Start of Source data

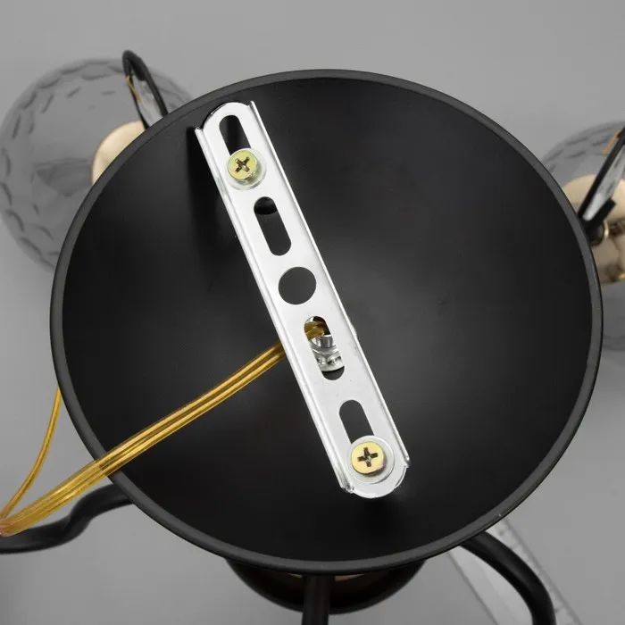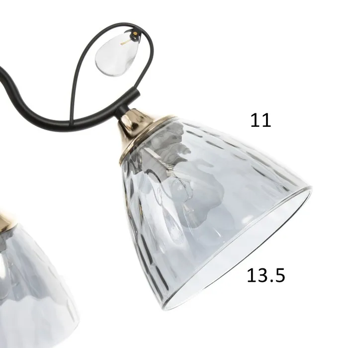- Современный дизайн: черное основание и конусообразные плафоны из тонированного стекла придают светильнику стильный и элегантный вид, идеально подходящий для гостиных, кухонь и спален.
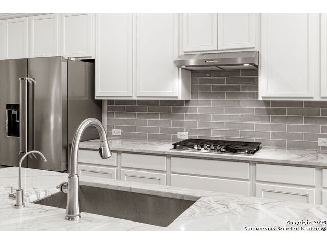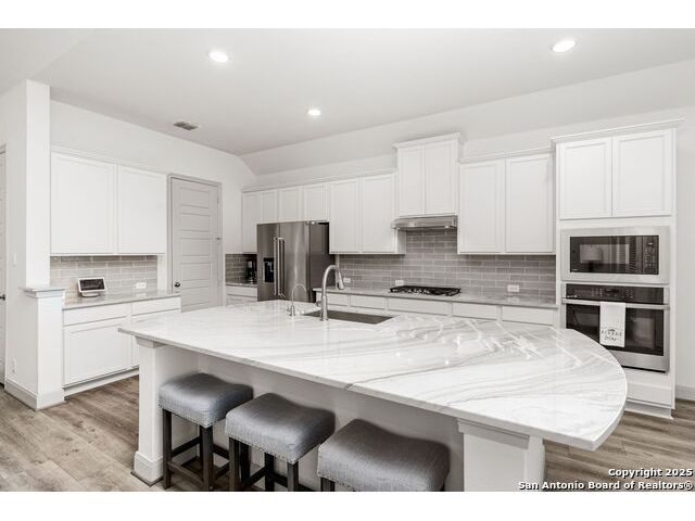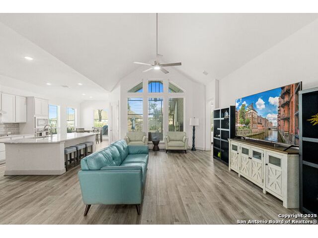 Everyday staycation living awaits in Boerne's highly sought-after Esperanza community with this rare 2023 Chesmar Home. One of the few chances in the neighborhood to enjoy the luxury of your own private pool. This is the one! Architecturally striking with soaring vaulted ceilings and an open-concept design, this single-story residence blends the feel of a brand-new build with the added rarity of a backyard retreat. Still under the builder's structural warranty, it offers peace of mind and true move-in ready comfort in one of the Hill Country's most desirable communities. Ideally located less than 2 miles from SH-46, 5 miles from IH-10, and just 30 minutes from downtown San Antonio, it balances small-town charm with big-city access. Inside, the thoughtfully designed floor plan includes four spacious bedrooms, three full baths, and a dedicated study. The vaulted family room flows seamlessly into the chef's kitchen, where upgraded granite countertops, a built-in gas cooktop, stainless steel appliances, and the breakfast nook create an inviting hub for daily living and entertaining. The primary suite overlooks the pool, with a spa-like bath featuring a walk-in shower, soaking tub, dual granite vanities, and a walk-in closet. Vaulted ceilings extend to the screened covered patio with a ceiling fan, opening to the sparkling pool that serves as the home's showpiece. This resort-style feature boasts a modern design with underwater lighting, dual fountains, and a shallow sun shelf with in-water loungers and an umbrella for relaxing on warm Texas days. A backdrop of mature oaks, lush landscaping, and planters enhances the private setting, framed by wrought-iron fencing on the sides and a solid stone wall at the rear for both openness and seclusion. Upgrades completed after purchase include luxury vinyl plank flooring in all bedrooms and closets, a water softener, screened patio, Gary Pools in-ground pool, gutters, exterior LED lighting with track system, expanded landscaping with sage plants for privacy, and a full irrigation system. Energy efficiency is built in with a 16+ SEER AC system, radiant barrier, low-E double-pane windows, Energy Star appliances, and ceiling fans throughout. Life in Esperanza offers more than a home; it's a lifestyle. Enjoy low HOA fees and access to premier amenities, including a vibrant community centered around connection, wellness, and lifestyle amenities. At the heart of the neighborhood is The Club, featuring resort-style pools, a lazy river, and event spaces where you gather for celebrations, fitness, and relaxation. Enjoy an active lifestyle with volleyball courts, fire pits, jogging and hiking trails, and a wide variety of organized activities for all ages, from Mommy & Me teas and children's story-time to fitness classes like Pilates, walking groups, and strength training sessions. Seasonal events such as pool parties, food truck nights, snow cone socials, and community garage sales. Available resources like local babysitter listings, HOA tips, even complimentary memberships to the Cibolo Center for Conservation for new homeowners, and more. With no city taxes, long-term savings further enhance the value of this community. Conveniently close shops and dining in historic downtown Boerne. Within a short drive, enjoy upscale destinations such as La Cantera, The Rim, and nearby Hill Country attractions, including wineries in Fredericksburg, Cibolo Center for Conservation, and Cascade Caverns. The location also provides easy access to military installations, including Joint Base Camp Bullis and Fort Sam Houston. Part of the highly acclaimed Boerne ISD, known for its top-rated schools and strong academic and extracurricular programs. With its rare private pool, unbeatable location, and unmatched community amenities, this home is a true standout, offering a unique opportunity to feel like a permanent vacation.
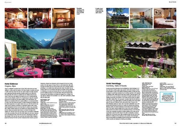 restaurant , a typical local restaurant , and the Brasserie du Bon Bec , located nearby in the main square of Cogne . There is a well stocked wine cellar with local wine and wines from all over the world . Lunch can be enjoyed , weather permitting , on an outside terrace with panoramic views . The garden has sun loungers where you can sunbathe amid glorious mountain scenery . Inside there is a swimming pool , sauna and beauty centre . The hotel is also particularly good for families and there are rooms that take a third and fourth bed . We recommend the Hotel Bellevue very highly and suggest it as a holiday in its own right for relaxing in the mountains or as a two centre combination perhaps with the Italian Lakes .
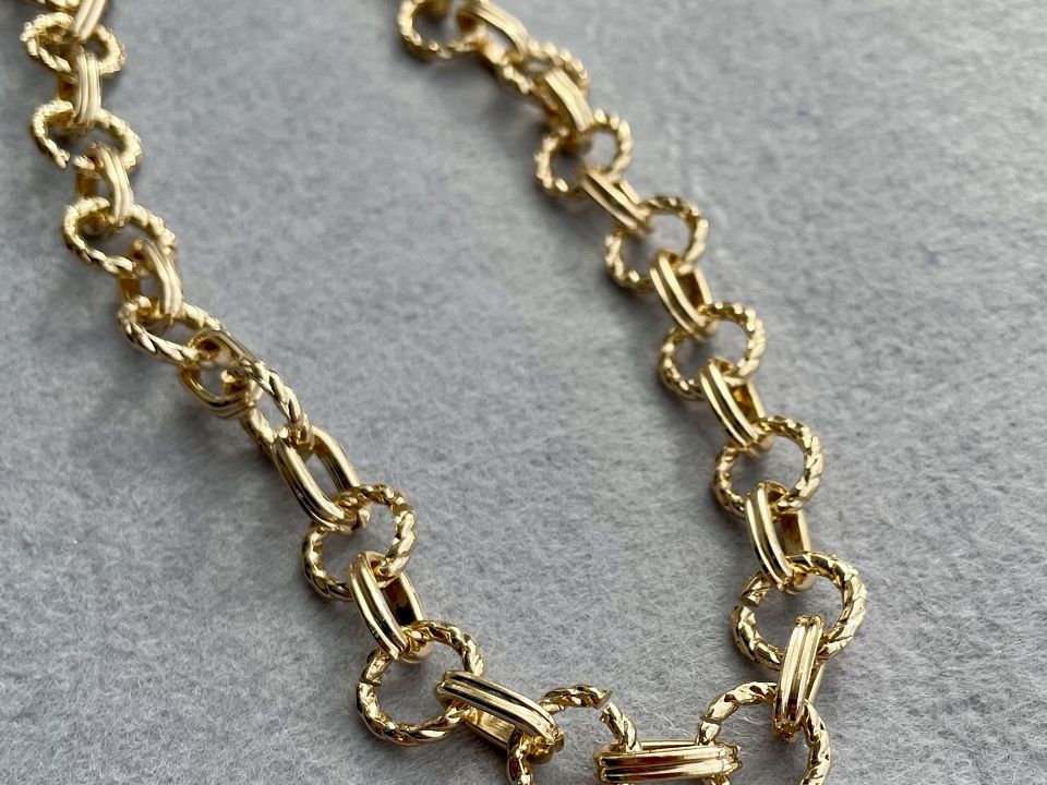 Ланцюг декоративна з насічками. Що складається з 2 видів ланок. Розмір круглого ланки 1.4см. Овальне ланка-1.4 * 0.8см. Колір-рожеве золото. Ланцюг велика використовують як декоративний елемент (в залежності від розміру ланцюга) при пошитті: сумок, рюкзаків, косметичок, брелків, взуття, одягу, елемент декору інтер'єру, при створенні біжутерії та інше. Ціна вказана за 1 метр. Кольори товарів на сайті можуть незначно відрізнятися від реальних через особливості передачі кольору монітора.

End of Source data
Start of Source data

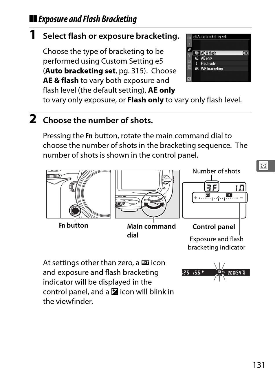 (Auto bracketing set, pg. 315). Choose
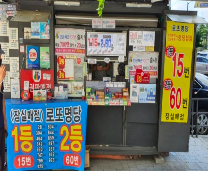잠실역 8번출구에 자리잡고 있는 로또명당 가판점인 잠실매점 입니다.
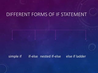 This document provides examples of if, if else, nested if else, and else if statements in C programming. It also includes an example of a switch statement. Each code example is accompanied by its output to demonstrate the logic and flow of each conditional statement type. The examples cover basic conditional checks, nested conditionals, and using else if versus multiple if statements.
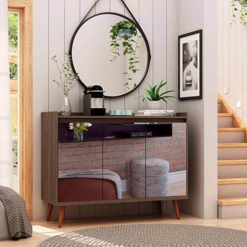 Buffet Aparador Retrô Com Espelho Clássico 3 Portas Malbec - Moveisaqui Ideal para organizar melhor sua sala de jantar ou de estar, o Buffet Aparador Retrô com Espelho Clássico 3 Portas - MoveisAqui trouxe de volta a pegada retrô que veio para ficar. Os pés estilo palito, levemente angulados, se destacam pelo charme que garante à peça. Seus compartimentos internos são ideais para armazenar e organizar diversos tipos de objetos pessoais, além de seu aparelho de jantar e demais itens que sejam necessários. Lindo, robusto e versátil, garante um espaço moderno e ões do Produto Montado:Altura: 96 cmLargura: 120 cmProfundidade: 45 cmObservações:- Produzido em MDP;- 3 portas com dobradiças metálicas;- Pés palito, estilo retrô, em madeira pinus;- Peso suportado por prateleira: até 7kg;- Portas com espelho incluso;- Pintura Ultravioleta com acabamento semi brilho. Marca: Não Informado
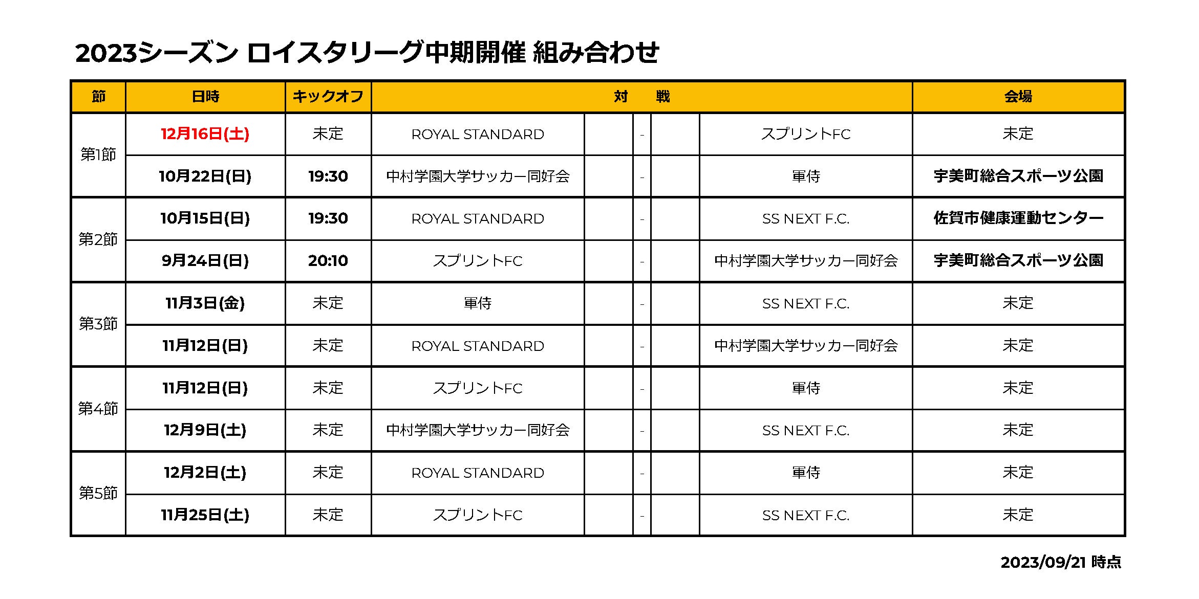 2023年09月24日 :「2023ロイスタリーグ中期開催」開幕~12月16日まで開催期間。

End of Source data

Exercise → In the listing above, find the line with "Buffet Aparador Retrô Com Espelho Clássico 3 Portas Malbec" and the line with "2023年09月24日 :「". Copy exactly those two and every line between, without the pictures.

Exercise result →
 Buffet Aparador Retrô Com Espelho Clássico 3 Portas Malbec - Moveisaqui Ideal para organizar melhor sua sala de jantar ou de estar, o Buffet Aparador Retrô com Espelho Clássico 3 Portas - MoveisAqui trouxe de volta a pegada retrô que veio para ficar. Os pés estilo palito, levemente angulados, se destacam pelo charme que garante à peça. Seus compartimentos internos são ideais para armazenar e organizar diversos tipos de objetos pessoais, além de seu aparelho de jantar e demais itens que sejam necessários. Lindo, robusto e versátil, garante um espaço moderno e ões do Produto Montado:Altura: 96 cmLargura: 120 cmProfundidade: 45 cmObservações:- Produzido em MDP;- 3 portas com dobradiças metálicas;- Pés palito, estilo retrô, em madeira pinus;- Peso suportado por prateleira: até 7kg;- Portas com espelho incluso;- Pintura Ultravioleta com acabamento semi brilho. Marca: Não Informado
 2023年09月24日 :「2023ロイスタリーグ中期開催」開幕~12月16日まで開催期間。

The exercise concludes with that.